Не кое-какие, а все. Мне все надо если не закончить, то хотя бы подтянуть. Чтобы после меня никому не пришлось ничего разгребать.

— А ты что, надолго собрался? — спрашивает Демид.

— Надолго, — поправляю ремень, разглаживаю воротник рубашки.

— Пацана лечить надо, — говорит брат, а я чувствую себя неловко под пронизывающим взглядом. Как будто он мои мысли читает.

— Вылечим, — отвечаю уверенно, — у него теперь нормальные родители есть.

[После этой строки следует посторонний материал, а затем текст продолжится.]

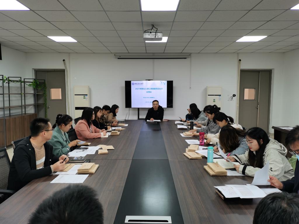 会上,心理健康教育中心通报了2021级新生心理测评工作的整体情况;介绍了测评采用的问卷,对全校及各学院的测评结果进行了分析,并对即将开展的心理回访工作和有关要求进行了布置和强调。

Говорю и сам в это верю. Почему-то пока считал Амира своим, не верил. Не верил, что смогу вытянуть сына. А в Руса и Ди верю, они смогут. Ди до неба доберется и там всех уломать сумеет.

— Ну что, поехали? — зову брата с невесткой. Прощаемся с Демидом и садимся в машину.

Уже выруливая с территории склада вижу в зеркале Ольшанского. Он продолжает стоять и задумчиво смотреть вслед уезжающему автомобилю.

Соня

— Надо же, такой мужик красивый, а такой невезучий, — Славина перемешивает в тарелке салат и щедро посыпает его перцем. Я еще не встречала женщин, которые бы любили острое так как Олеся. — И где справедливость?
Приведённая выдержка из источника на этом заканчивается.